In the month of August, I interviewed 14 persons belonging to the violence affected areas of Karachi to get their views on the situation in their neighbourhoods and their perceptions for the reasons for it. These persons are not active in politics though a number of them are social activists and CBO members. The persons interviewed belong to different areas and ethnicities. I have removed some of their biases to generalise their comments, although the specifics are perhaps more important, but expressing them gives an impression of being one-sided. A more detailed paper will hopefully follow with examples and case studies.

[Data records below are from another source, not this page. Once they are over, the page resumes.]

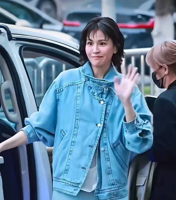 温峥嵘穿米白风衣,挥手甜笑温婉大气。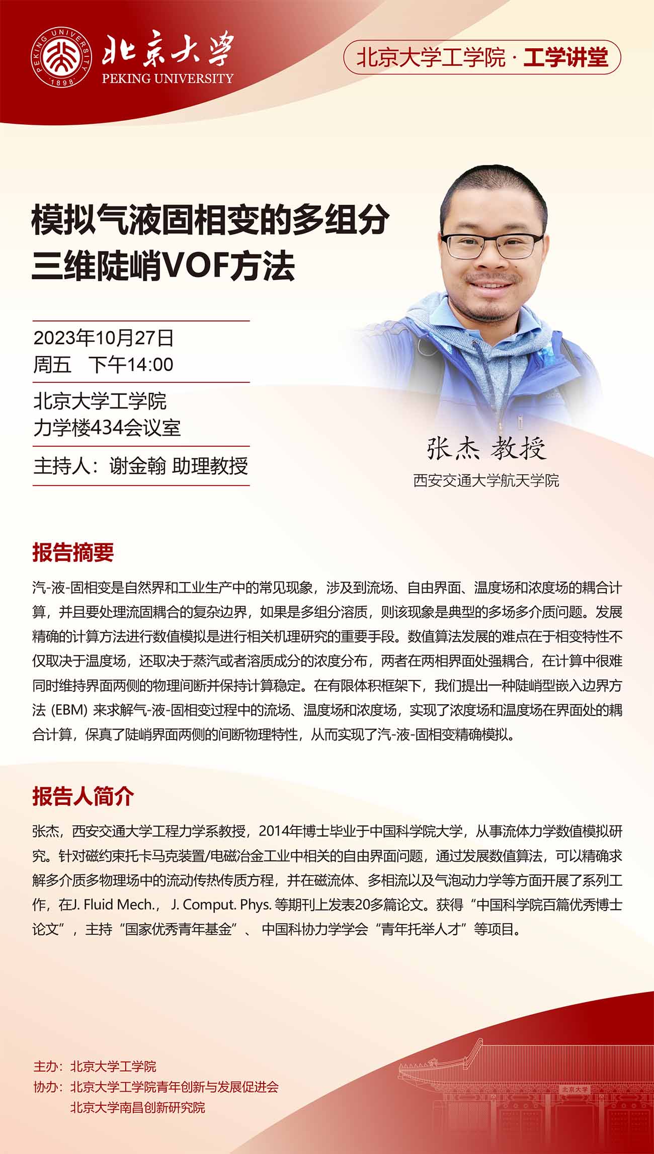 工学讲堂【10月27日张杰教授】:模拟气液固相变的多组分三维陡峭VOF方法
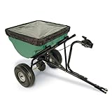 The spreader is constructed with a 7/8-inch powder-coated steel tube frame, a heavy-duty plastic hopper with a wrap-around support for additional strength, and metal gears with grease fittings for durability and reduced maintenance. Two 10-inch pneumatic tires with steel wheels provide ease of movement over many different terrains and in even difficult conditions. A handy rain cover is provided for spreading in inclement weather conditions. All parts are covered with a 90-day limited warranty, and assembly requires about thirty minutes.--Jeffrey Dalto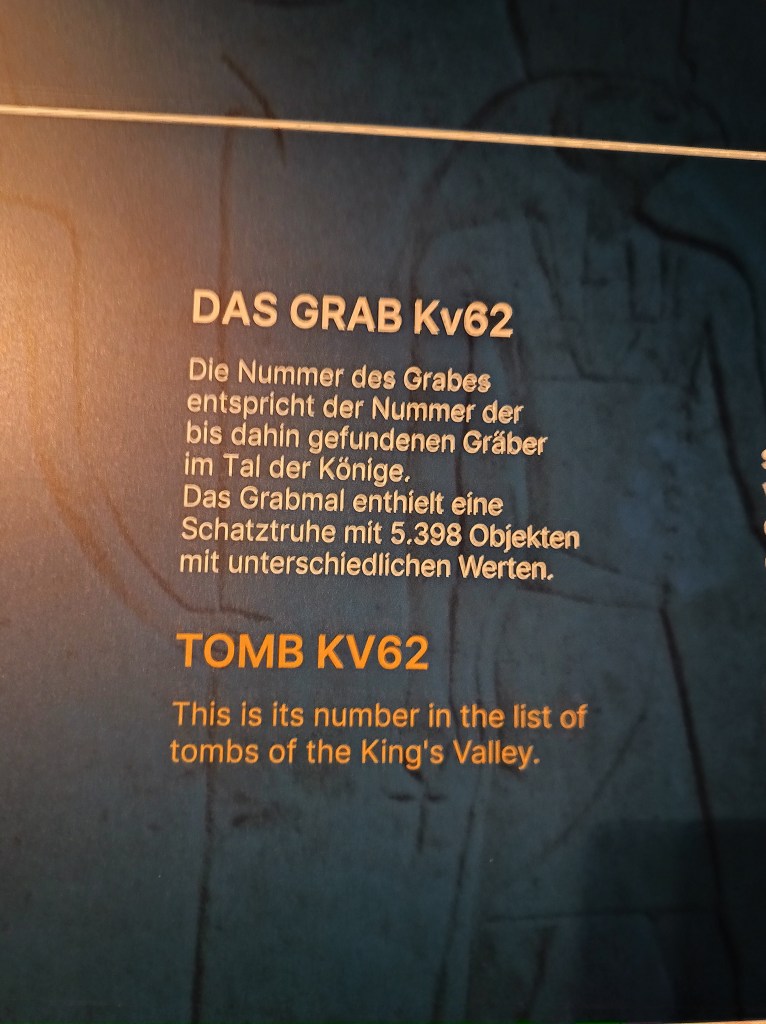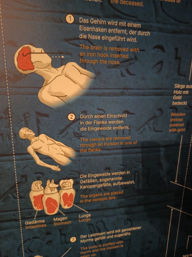 Hinter dem Goldsarg (mit Plastikmumie und nochmal der Goldmaske) fanden sich an der Wand große Beschriftungstafeln. Einmal zum Grab des Tutanchamun und (natürlich!) zur Mumifizierung und dann 21 Funfacts rund um Tutanchamun und die Grabung und das alte Ägypten.
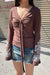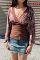 - 2000s Vintage Style Print Deep V-Neck Bell Sleeve Top with Front Tie
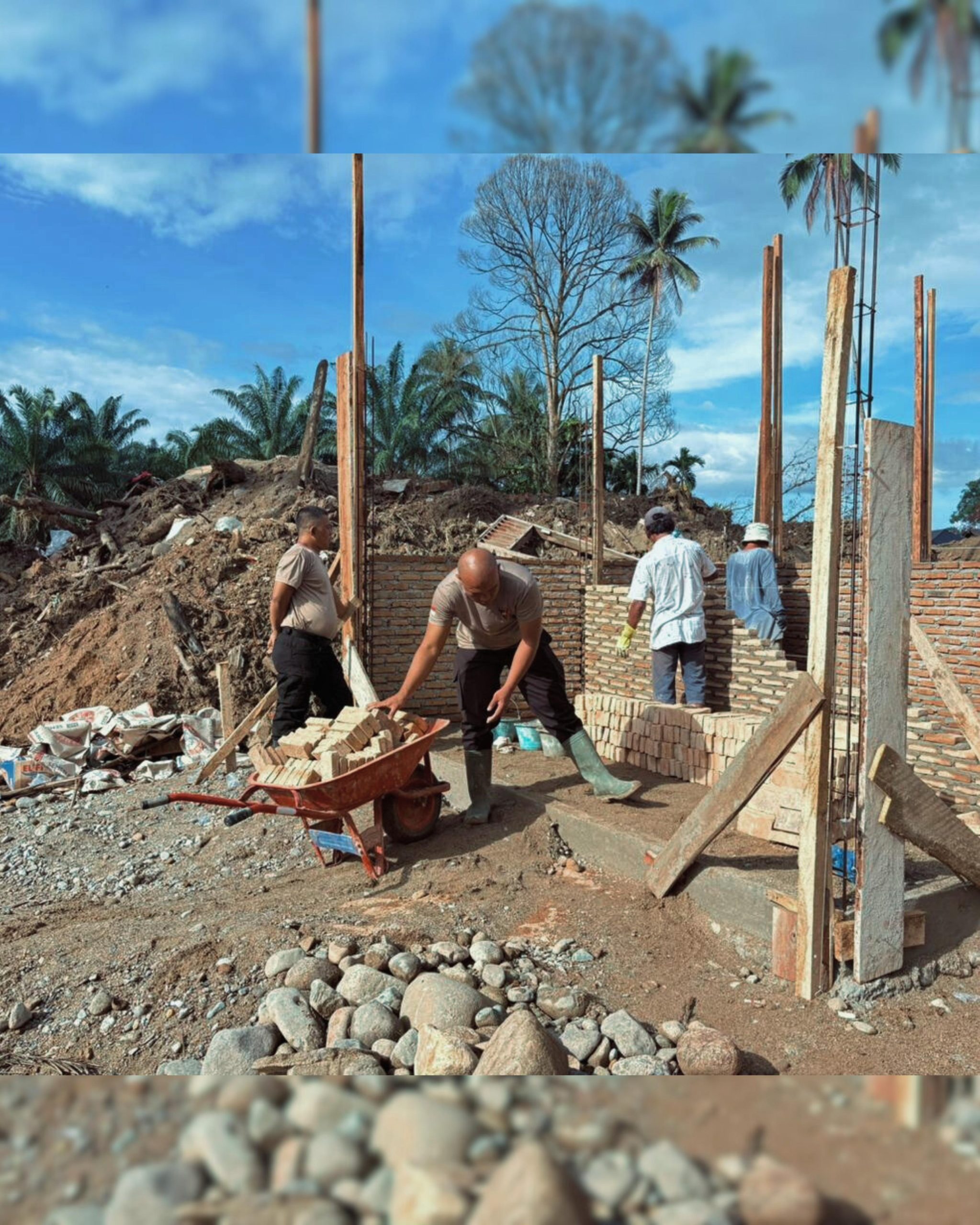 Pembersihan rumah Bapak Sekemendi Manalu dipimpin oleh Aipda Leo Simanjuntak dengan melibatkan 7 personel. Hingga saat ini, proses pembersihan lumpur dan pasir di bagian dalam dan luar rumah telah mencapai sekitar 70 persen, dan akan terus dilanjutkan hingga tuntas.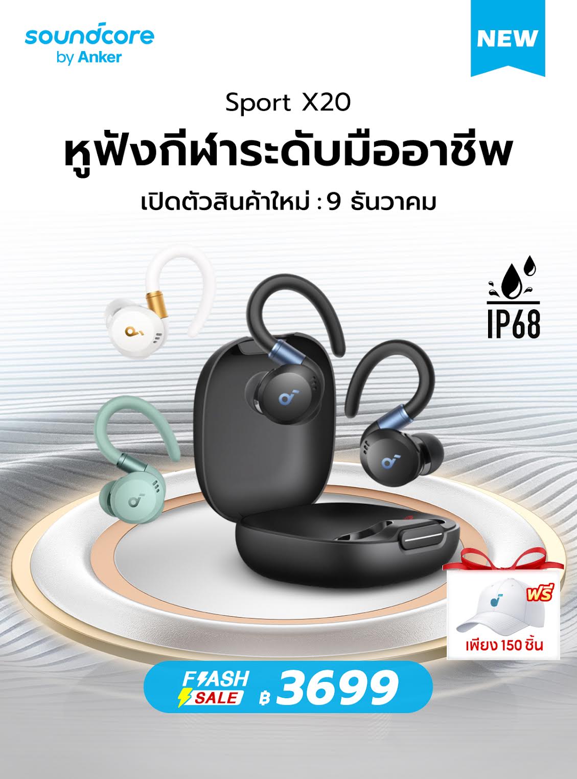 Sport X20 เหมาะสำหรับการออกกำลังกาย มาพร้อมกับหูฟังที่ปรับได้ การตัดเสียงรบกวนขั้นสูง และเทคโนโลยี SweatGuard ที่ทนต่อเหงื่อและฝุ่น ระยะเวลาการใช้งานสูงสุด 12 ชั่วโมงต่อการชาร์จหนึ่งครั้ง (48 ชั่วโมงเมื่อใช้ร่วมกับเคสชาร์จ) ออกแบบมาเพื่อให้เข้ากับไลฟ์สไตล์ที่กระฉับกระเฉงของคุณ Sport X20 จำหน่ายในสีขาว และสีเขียวในวันที่ 9 ธันวาคม บน Shopee และร้านค้าตัวแทนจำหน่ายหลัก ราคา 3,699 บาท (สีดำจะพร้อมจำหน่ายภายในกลางเดือนธันวาคม)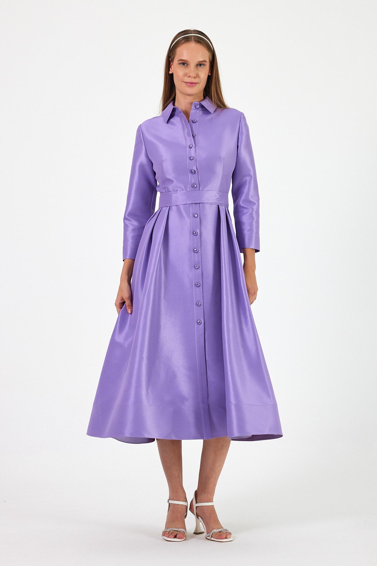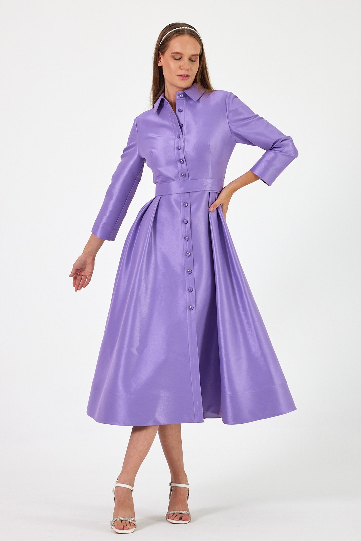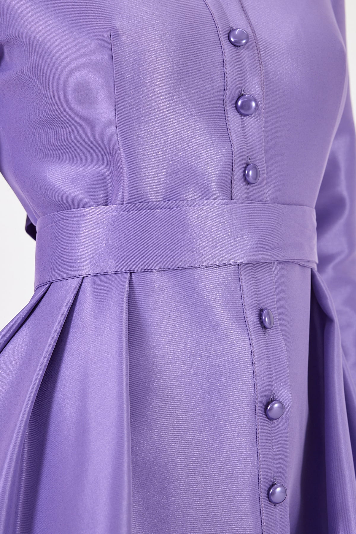 Caden elbisemiz, lila renginin büyüleyici tonuyla zarafeti ve şıklığı bir araya getiriyor. Parlak kumaşı sayesinde göz alıcı bir ışıltıya sahip olan bu elbise, sofistike detaylarıyla öne çıkıyor. Ön kısmındaki inci düğmeler, elbiseye klasik ve zarif bir dokunuş katarak, sade bir şıklık sunuyor. Düğme detayları, hem kullanım kolaylığı sağlarken hem de elbisenin şık ve rafine görünümünü tamamlıyor.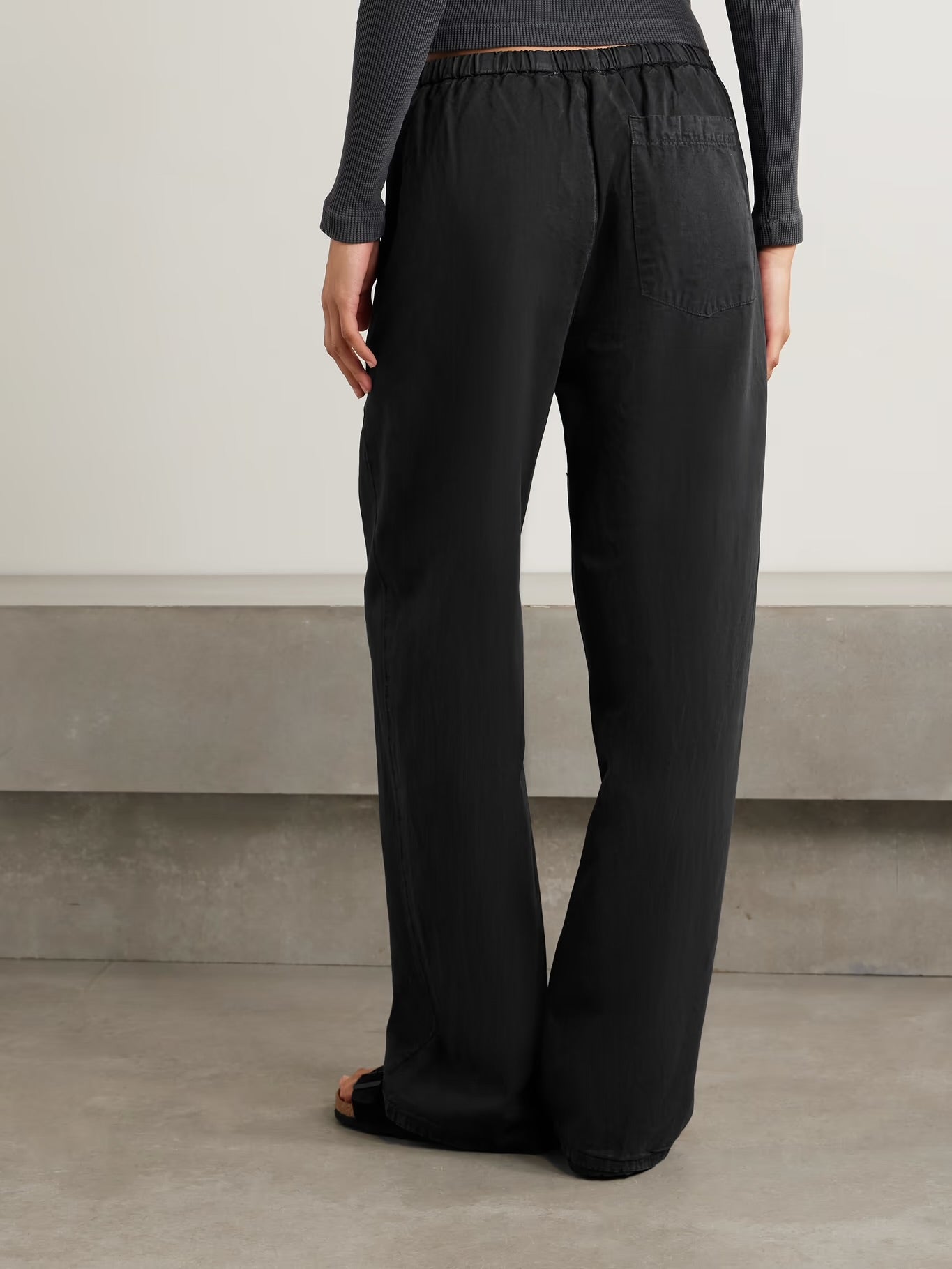 The ‘Aurora’ pant is made from a soft, airy Italian twill for natural drape and breathability. With a high-rise drawstring waist and wide leg, the silhouette feels effortlessly relaxed. The ‘Washed Black’ shade offers a gently faded finish for a casual, worn-in look. Pair with tonal separates for a minimal, everyday uniform.

I noticed the change between my conversations with the some of the same people last year and in August this year. Last year, most people I spoke to were not willing to criticise the dominant political party in their area or the party that represented their ethnicity. In August this year, almost all of them criticised the parties that represented their ethnicity and other parties as well. It seems that the terrible conditions in their areas have forced them to take a bigger view of the situation. It has forced them to think differently and has made them comparatively free of fear in expressing their views. This is a positive sign and can be built on. It seems that what Sahir said in one of his poems is true “Zulm phir zulm hai, barhta hai to mit jata hai / khoon phir phon hai, girta hai to jam ja ay hai”.

2. People’s Views

2.1 The Impact of Violence

  • The fear of kidnappings and killings have become real so one is afraid to leave home and does so only if absolutely necessary. Social activities have come to an end.
  • People are afraid to send their children to school. Before sending them one has to listen to the TV, go and check the neighbourhood to see if the road is open. Younger children can no longer go and come from school alone as they used to before. As a result, many parents no longer send their children to school.
  • When one is away one receives phone calls from the family all the time to check if one is safe. This raises the telephone bills considerably.
  • Being held up in a bus and robbed has become normal. Also, young men and women (most of them in their teens or early 20’s) are forcibly taken to public rallies. Those who dissent in anyway are threatened, roughed up and occasionally killed. Parents live in constant fear for their grown up children.
  • The banning of motorbike pillion riding has had disastrous effects. It has doubled the transport costs of those who have motorbikes. For those who do not, it has meant a considerable increase of people using mini-buses. As a result, an increasing number of people have to ride on the roof of buses. Women are the worst affected since they cannot do this.
  • There has been a considerable reduction of working women due to violence and transport related problems. As a result, incomes have fallen.
  • A lot of cheap artificial plastic weapons are available in the settlements for sale. Children play gang wars with them. Their idols are the gang leaders. As a result, there is a lot of bulling and violence among children. Many of the children are terrified and cannot sleep at night.
  • Inter-ethnic friendships have gone. People look at each other, even at an individual level, with hatred and suspicion. Even mosques are divided on ethnic lines.
  • Many people have stopped working in areas where their rival ethnicities are in control or in institutions and offices controlled by them. If they continue to work there, they live in fair. This has led to an increase in unemployment, poverty and further fragmentation of society.
  • People no longer have any faith in the police or rangers. There are numerous cases where the relatives of the victims know who the killers are, the police also have registered their names in the FIRs. Yet, these assassins are roaming around free and without fear. This leads to revenge killings which are becoming common.
  • Power now belongs to those who have and use weapons. These are young unmarried individuals 18 – 22 years old. As a result, use of liquor, drugs and sex related crimes and prostitution have increased and so have forced conversions to Islam of religious minorities. As a result, family structures have collapsed and the father is no longer an authority figure.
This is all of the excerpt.